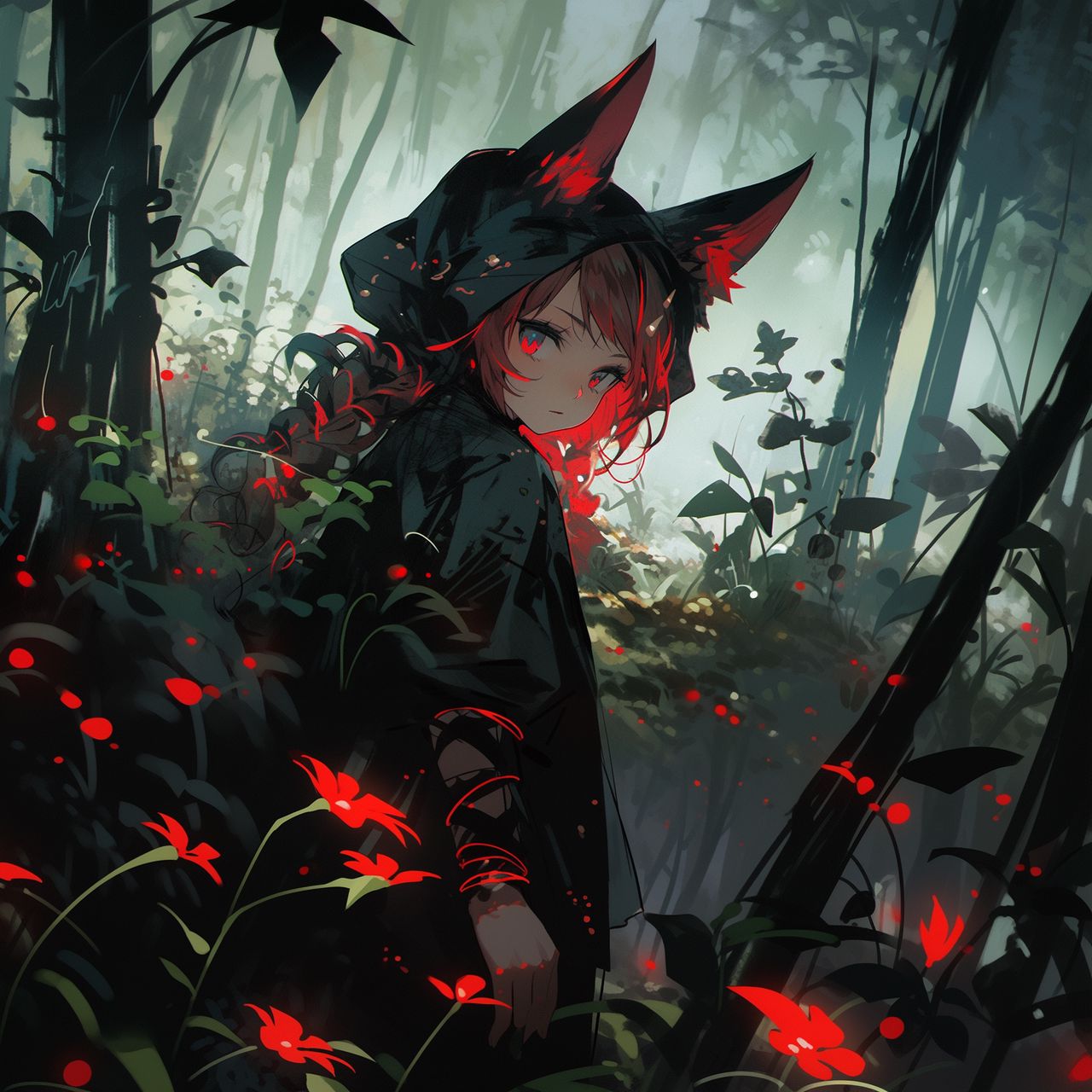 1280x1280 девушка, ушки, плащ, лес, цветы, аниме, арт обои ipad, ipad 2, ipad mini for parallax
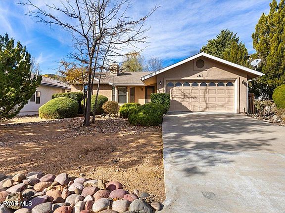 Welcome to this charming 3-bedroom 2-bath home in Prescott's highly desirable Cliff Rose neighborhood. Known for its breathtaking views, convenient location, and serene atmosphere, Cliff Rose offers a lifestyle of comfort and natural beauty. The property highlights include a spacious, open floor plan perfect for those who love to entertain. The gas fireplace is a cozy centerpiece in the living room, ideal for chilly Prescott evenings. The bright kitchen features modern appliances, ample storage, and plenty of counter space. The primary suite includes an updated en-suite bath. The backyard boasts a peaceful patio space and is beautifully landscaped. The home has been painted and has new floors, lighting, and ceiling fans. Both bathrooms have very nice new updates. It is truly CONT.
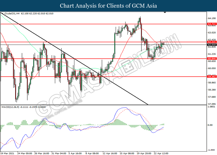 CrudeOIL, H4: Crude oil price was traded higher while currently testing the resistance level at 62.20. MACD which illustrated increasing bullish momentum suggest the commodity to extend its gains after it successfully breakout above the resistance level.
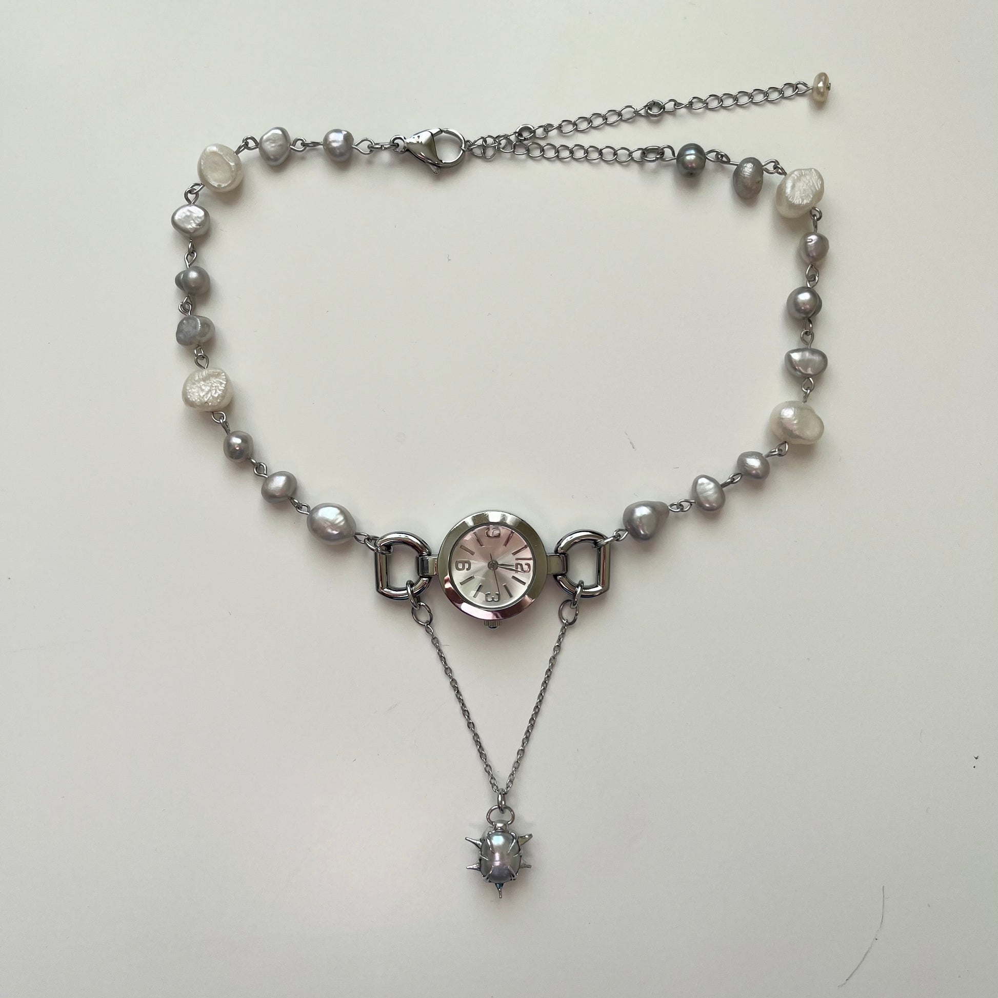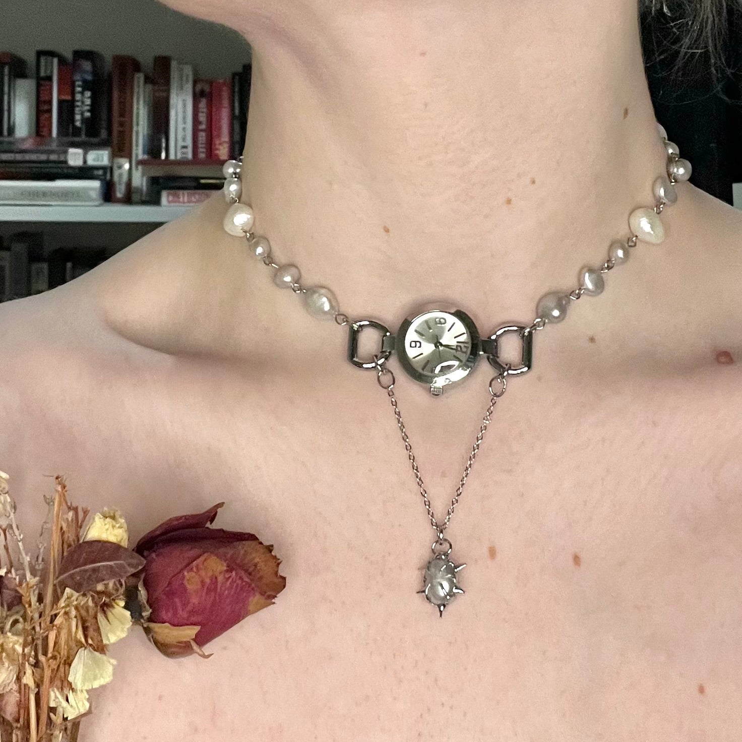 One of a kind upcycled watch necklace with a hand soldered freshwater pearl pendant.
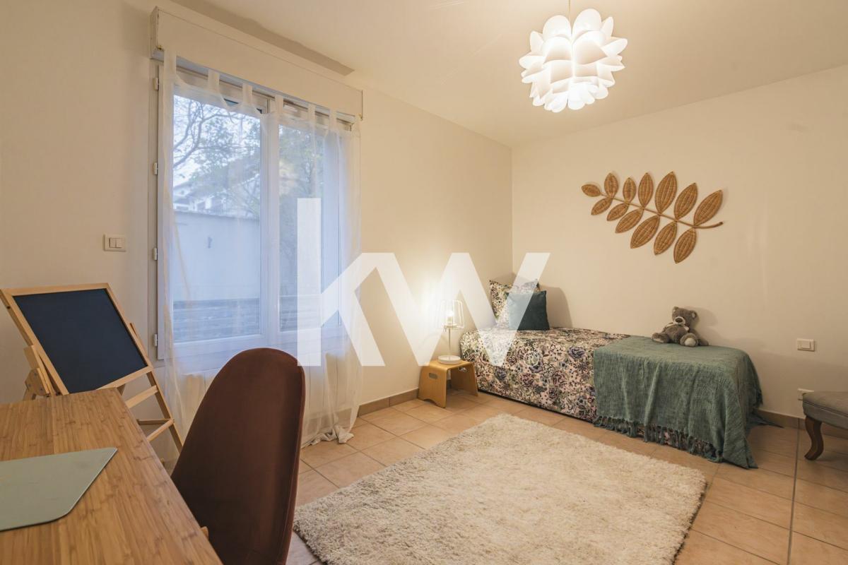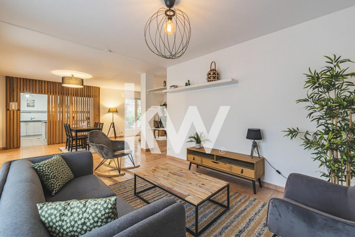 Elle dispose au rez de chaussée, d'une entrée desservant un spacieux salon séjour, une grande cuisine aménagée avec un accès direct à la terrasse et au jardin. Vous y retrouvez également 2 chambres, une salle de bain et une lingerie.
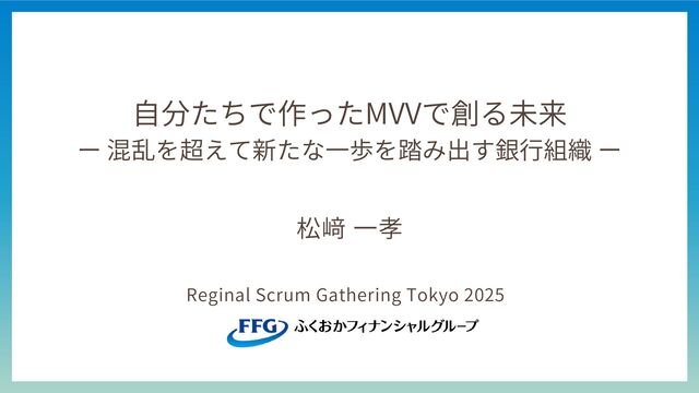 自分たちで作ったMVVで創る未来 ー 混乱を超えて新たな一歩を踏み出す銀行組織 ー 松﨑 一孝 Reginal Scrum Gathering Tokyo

..............................

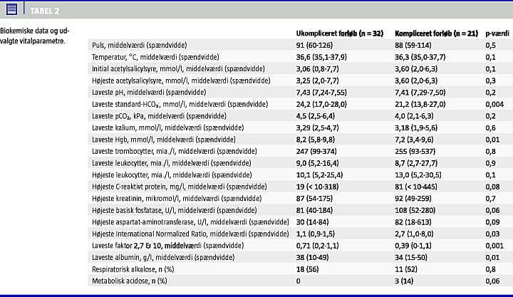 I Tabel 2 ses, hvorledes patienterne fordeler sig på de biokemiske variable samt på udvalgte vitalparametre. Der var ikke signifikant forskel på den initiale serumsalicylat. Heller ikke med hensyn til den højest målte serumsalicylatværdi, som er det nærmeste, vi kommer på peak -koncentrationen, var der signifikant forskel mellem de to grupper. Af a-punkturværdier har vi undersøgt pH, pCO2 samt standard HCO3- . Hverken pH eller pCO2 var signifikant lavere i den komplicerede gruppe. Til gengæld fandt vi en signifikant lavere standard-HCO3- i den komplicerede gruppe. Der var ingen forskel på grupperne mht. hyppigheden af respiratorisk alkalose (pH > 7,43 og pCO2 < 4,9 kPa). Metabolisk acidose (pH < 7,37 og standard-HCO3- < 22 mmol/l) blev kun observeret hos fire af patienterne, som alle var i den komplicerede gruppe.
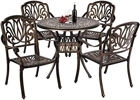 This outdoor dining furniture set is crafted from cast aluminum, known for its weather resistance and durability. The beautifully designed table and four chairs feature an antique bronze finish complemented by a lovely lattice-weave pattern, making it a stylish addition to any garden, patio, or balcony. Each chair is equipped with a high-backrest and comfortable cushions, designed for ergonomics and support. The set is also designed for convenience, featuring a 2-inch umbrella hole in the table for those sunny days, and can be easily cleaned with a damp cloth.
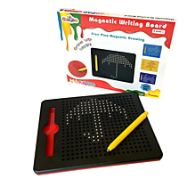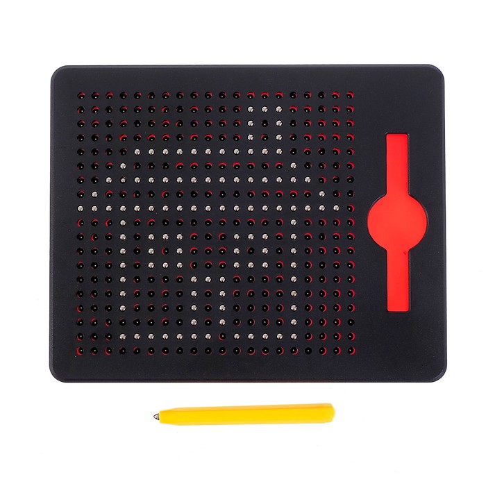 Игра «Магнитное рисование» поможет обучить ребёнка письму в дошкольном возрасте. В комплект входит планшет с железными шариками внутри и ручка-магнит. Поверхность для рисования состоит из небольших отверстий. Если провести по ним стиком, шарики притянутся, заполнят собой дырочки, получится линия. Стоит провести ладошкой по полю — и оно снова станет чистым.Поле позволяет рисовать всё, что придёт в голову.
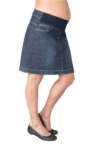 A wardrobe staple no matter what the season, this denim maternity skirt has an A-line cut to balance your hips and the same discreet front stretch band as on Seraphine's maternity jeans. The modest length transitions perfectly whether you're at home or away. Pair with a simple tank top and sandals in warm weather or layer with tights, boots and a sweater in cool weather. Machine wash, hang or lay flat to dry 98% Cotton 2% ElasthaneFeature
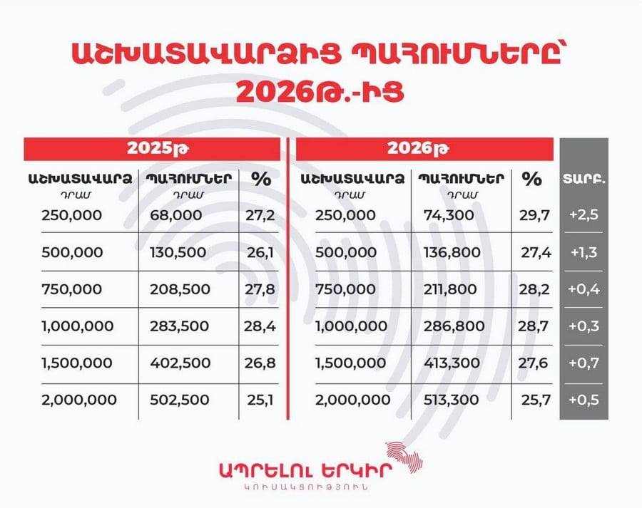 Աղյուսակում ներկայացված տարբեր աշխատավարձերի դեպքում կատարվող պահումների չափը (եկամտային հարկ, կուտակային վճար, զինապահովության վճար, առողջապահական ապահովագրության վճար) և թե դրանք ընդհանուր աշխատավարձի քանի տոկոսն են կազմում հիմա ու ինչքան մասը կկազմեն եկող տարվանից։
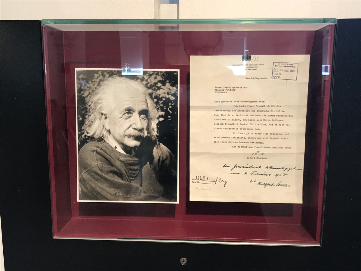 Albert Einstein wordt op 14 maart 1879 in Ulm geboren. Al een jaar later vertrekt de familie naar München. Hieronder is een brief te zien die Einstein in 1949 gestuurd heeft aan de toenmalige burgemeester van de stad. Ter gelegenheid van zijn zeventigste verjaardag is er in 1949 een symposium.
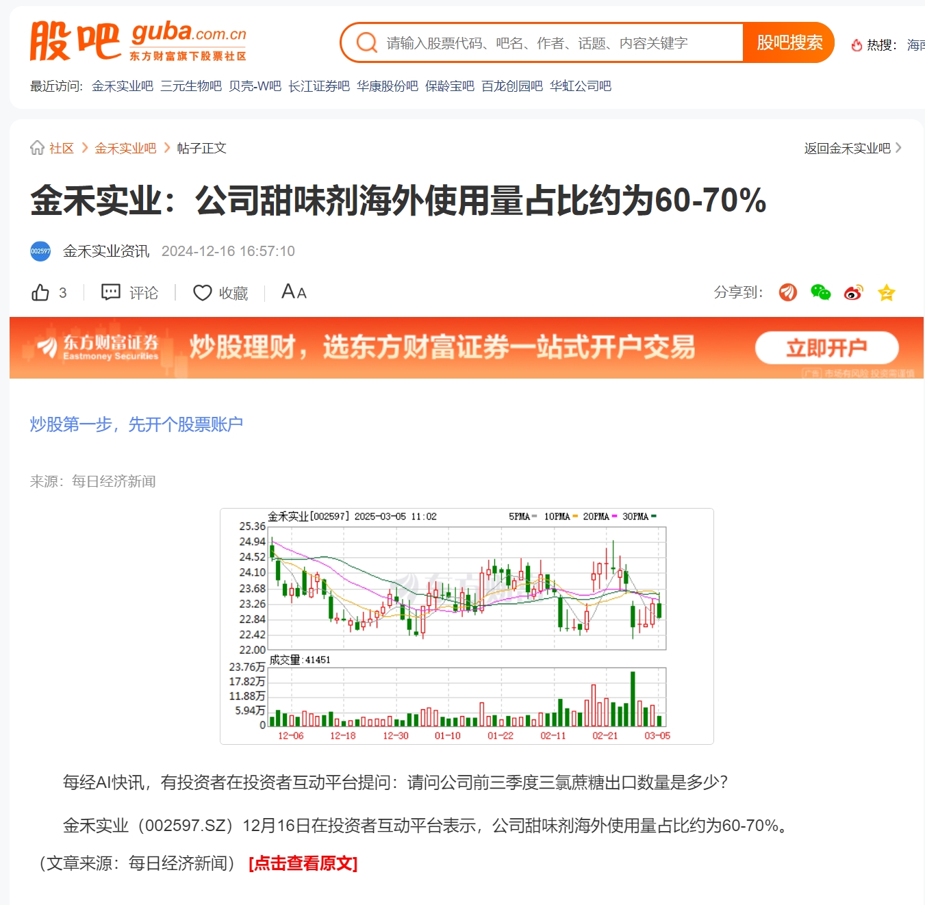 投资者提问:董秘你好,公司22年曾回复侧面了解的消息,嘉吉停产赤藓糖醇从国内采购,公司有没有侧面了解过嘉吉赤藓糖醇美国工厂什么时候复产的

..............................

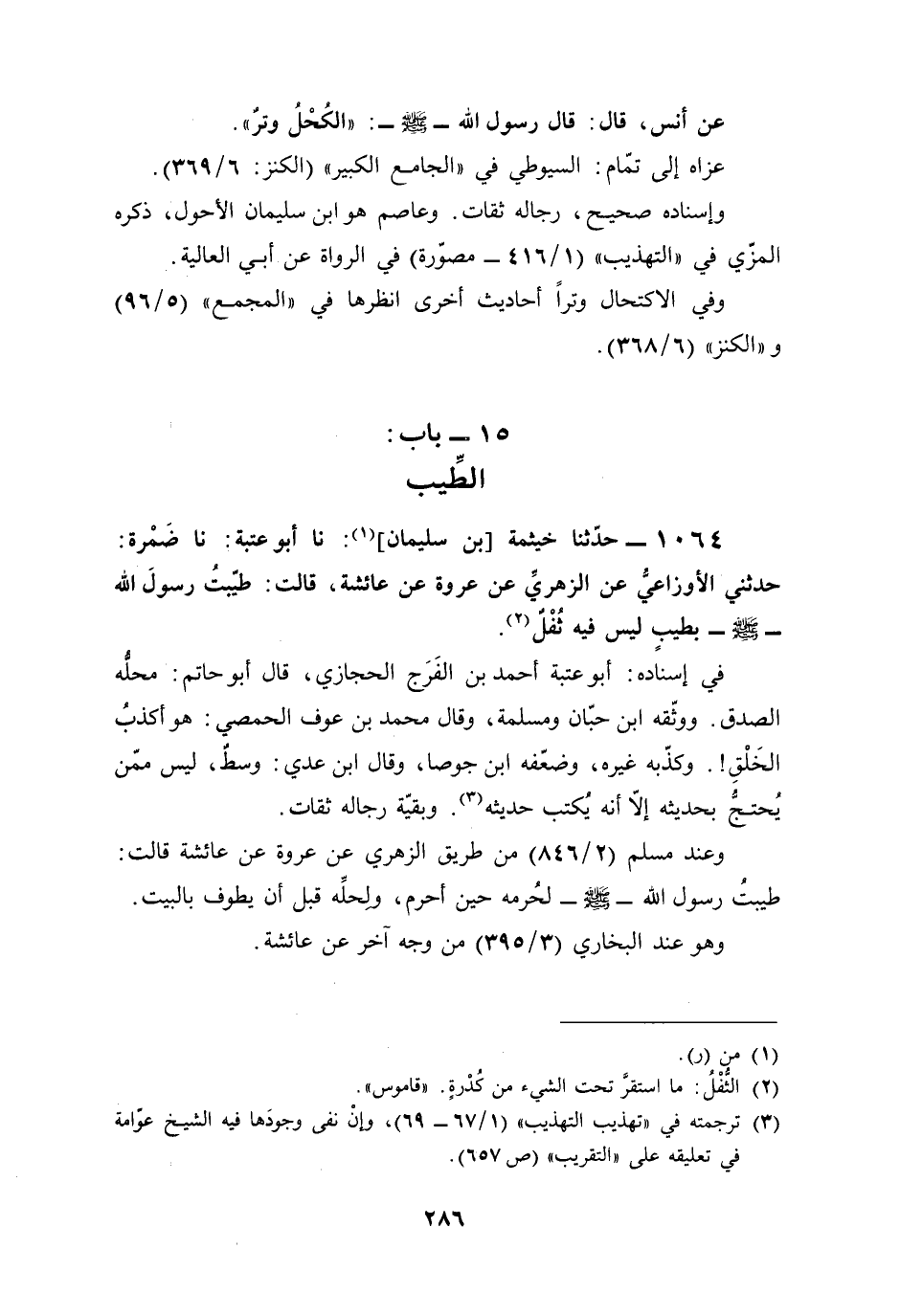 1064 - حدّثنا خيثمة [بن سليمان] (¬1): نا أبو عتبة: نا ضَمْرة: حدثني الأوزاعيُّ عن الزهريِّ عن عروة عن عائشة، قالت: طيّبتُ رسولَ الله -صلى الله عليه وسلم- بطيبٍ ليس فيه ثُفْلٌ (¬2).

..............................

• YOUR GOAL
Only the lines starting at the one that includes "1280x1280 девушка, ушки, плащ, лес, цветы, аниме, арт" and ending at the one that includes "Welcome to this" should be retyped, exactly, from the records above; no pictures.

• EXERCISE RESULT
 1280x1280 девушка, ушки, плащ, лес, цветы, аниме, арт обои ipad, ipad 2, ipad mini for parallax
 Welcome to this charming 3-bedroom 2-bath home in Prescott's highly desirable Cliff Rose neighborhood. Known for its breathtaking views, convenient location, and serene atmosphere, Cliff Rose offers a lifestyle of comfort and natural beauty. The property highlights include a spacious, open floor plan perfect for those who love to entertain. The gas fireplace is a cozy centerpiece in the living room, ideal for chilly Prescott evenings. The bright kitchen features modern appliances, ample storage, and plenty of counter space. The primary suite includes an updated en-suite bath. The backyard boasts a peaceful patio space and is beautifully landscaped. The home has been painted and has new floors, lighting, and ceiling fans. Both bathrooms have very nice new updates. It is truly CONT.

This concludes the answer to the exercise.